Walking through the sales floor in Australia Square, one proof point helps get that across. Above each team is a large sign declaring which media agency they service. It sends that single-point-of-call message.

However one piece of human interaction I observed today suggests there’s some way to go to make it a reality. In the refreshments before the preso, I was surprised by just how many execs from Nine’s various digital, marketing, PR and TV teams were introducing themselves to each other for the first time. They’re not that close just yet.
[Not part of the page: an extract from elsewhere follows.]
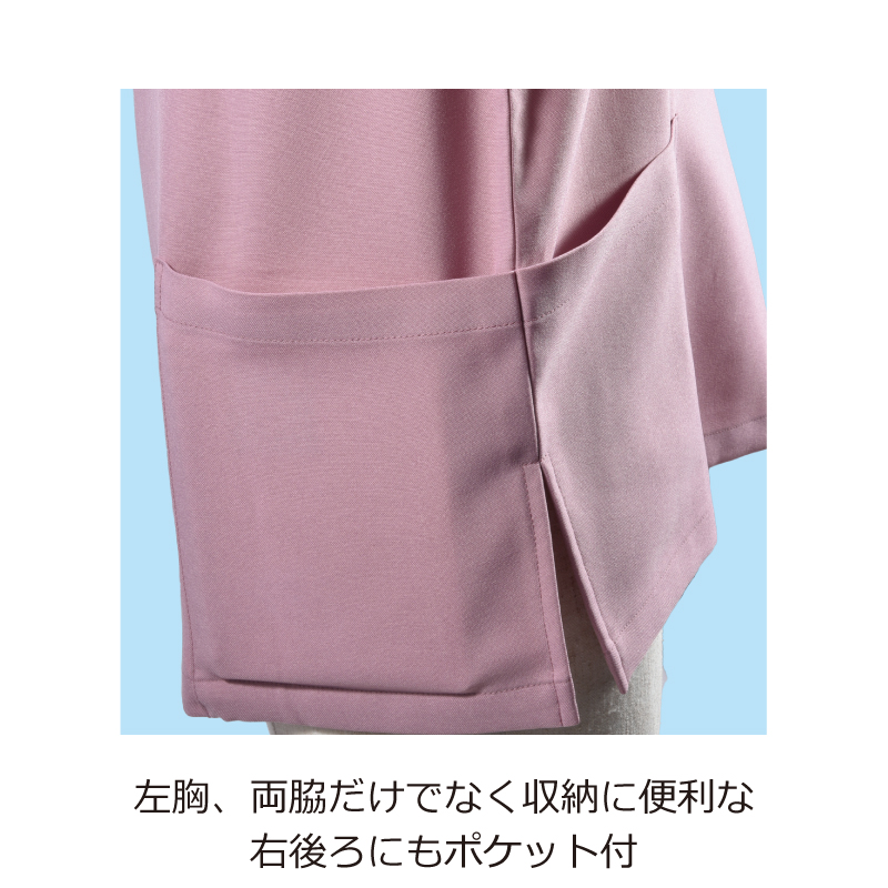 <プルオーバースクラブ>右肩スナップボタン、左胸ポケット、両脇ポケット、右後ろポケット、両脇スリット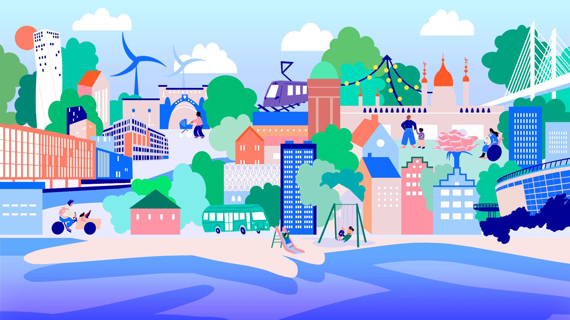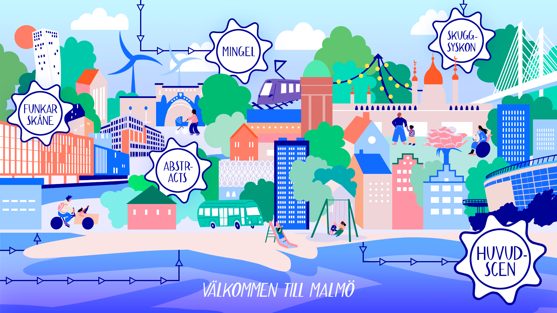 Illustration of Malmö City. Landing page for the digitally broadcast two-day conference for people working in habilitation. The illustration is the lobby of the digital platform and the place you come back to when you want to navigate to one of the different rooms.

With the sale of Nine’s Willoughby site now agreed, the opportunity this might offer to bring all Nine staff in Sydney together feels more like a strategic imperative. Again SWM has shown the way it can be done with its united offices in Perth bringing together Seven and The West Australian.

Whether that happens for Nine before new media ownership laws allow a merger with Southern Cross Austereo or Fairfax or WIN is more of a question of course.

As a media company dealing with all the legacies of traditional media, it will inevitably be a challenging few years for Nine. But at least it now has the right strategic platform for the future.